Wednesday, December 5, 2007

Akron's REAL Good Year

Keeping the company here for at least 20 years: $30 million dollars.
Building a garage for 2900 workers and untold shoppers: $20 million dollars.
Keeping Akron the Rubber City: Priceless.

As expected Goodyear Tire & Rubber, flanked by just about every Don, Ted and Russ politico between South High here and South High in Columbus, announced it will stay in Akron thanks to a generous incentive package worth about $50 million in forgiven state taxes and loans with great rates, on top of plans to launch what approaches a one billion dollar redevelopment plan to build a new world headquarters, renovate the existing technical center and build Akron Riverwalk, an ambitious mix of retail in east Akron.

The collective year-long breath-holding can now cease. The giant that Seiberling built will remain on the banks of East Market and Martha in some form or another, retaining our image as the Rubber City even though most of the rubber barons left for warmer and greener pastures decades ago.

The questions about the deal are legitimate; as Council's John Conti is quick to point out there are plenty of states and municipalities looking askance these days at corporate welfare packages.

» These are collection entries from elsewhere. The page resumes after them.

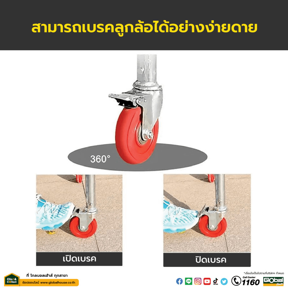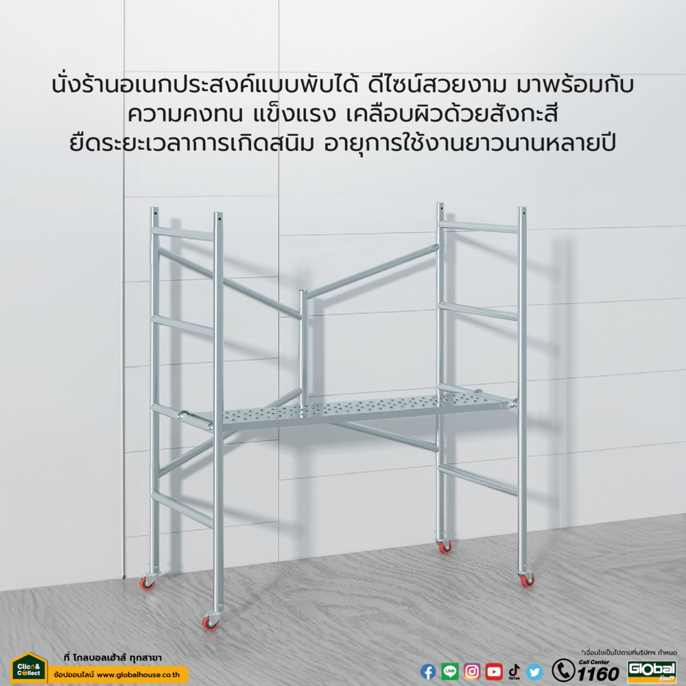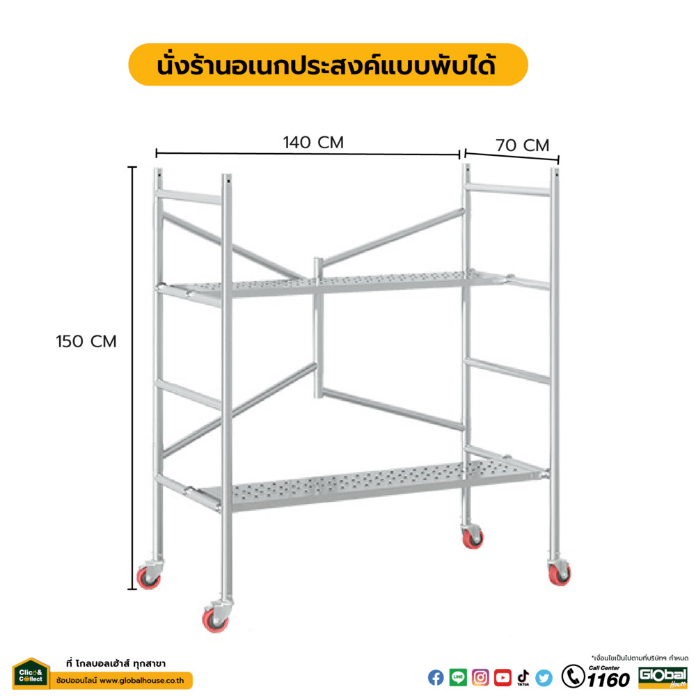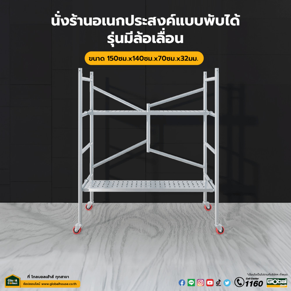 GlobalHouse นั่งร้านอเนกประสงค์แบบพับได้ ขนาด 150ซม.x140ซม.x70ซม.x32มม.รุ่นมีล้อ สินค้าของแท้คุณภาพดี
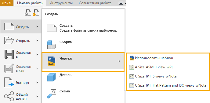 Прямой доступ к шаблонам формата листа при создании файла чертежа.
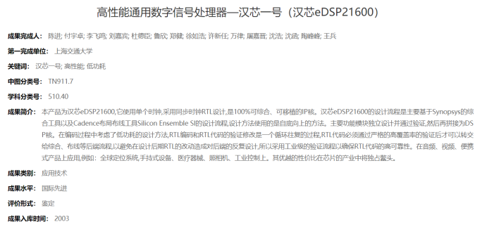在龙芯项目起步时,汉芯项目也在上海展开。而2003年,在龙芯1号发布半年之后,汉芯一号在上海通过技术鉴定。据专家认定"汉芯一号"及其相关设计和应用开发平台属于国内首创,达到了国际先进水平,其研制成功,标志着我国在 DSP 数字信号微处理器核心芯片上获得重大突破,填补了我国在高端通用 DSP 芯片上的空白。
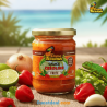 Ingrédients : Oignons, huile de tournesol, vinaigre, piments antillais (habanero), sel, antioxydant : acide ascorbique.
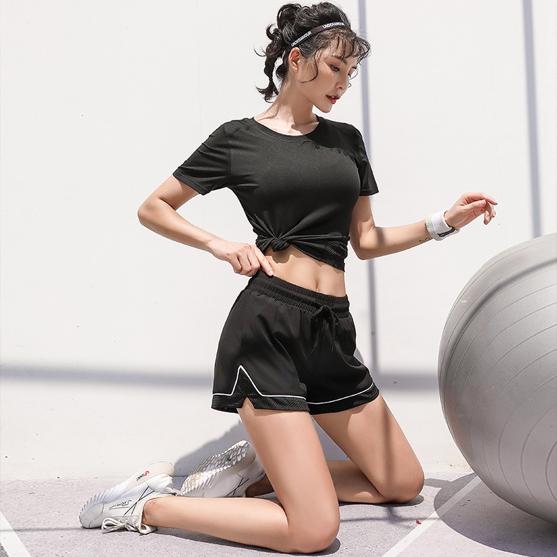 ✨Bộ Đồ Đùi Thể Thao Nữ Gồm Quần Đùi Và Áo Thun Ngắn Tay Màu Đen New
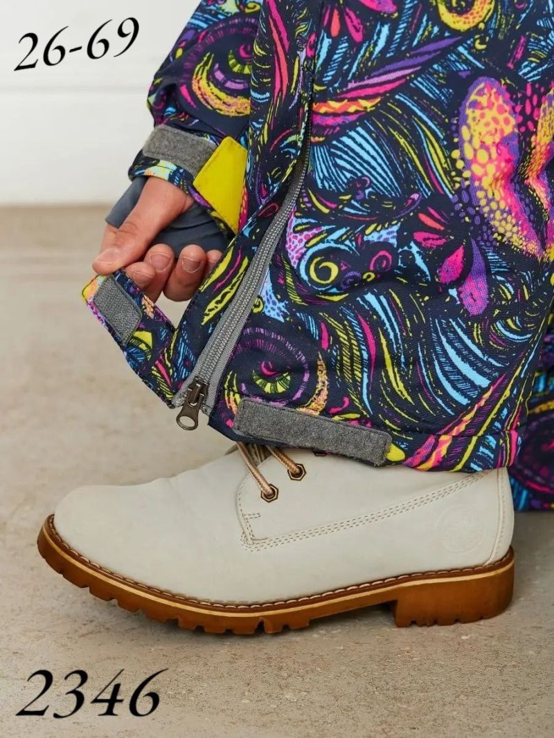 В штанинах снегозащитные муфты на обувь, ноги останутся сухими и не промокнут.
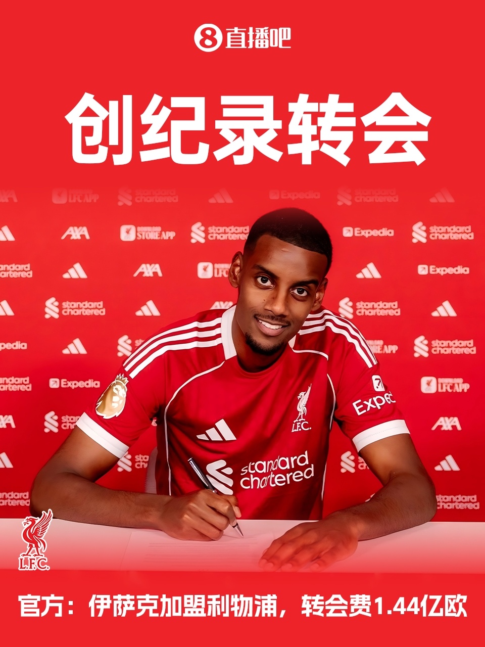 夏窗标王!官方:利物浦签下伊萨克,转会费1.44亿欧再破英超记载

In New York, for example, hundreds of such job-protecting job deals are under red flags with the discovery the jobs never materialized even after the tax breaks did; my own experience with Anchor-Hocking in West Virginia nearly 20 years ago (the state sued to keep machinery in a soon-to-be abandoned Clarksburg-area plant and won) was an early round in the war of politicians hungry to keep jobs at home getting snookered by companies who didn't keep their word.

The difference in Akron, however, is the tradition Goodyear holds over us; since 1898 the company founded by namesake Charles and built by the Seiberlings has steadfastly called this place home, even after the Firestone's left for California vineyards and Nashville; the Goodrich legacy is name only after that company even picked up what was left in Richfield and took flight to North Carolina; O'Neil doesn't even stick around as a department store downtown. Even after the Seiberling clan lost control of Goodyear the company called Akron home, and Akron has come to depend on it.

Rubber may grow on Indonesian trees but it also flows in our blood. Today's announcement is more than confirmation our money talks; the message just as strong, just as true, just as loud is that we take care of blood first. Other companies would have been fine working a deal for a new corporate campus near an airport and a golf course but Goodyear's rebuilding includes neighborhood development, which makes this deal unique. It's not just about keeping the headquarters and R&D center, it's about keeping the 'hood a place where we want to live. Using the power of Goodyear's corporate relocation decision to leverage improvements to Akron's neighborhoods is a deal too good to pass up.

It's the kind of deal we should consider priceless.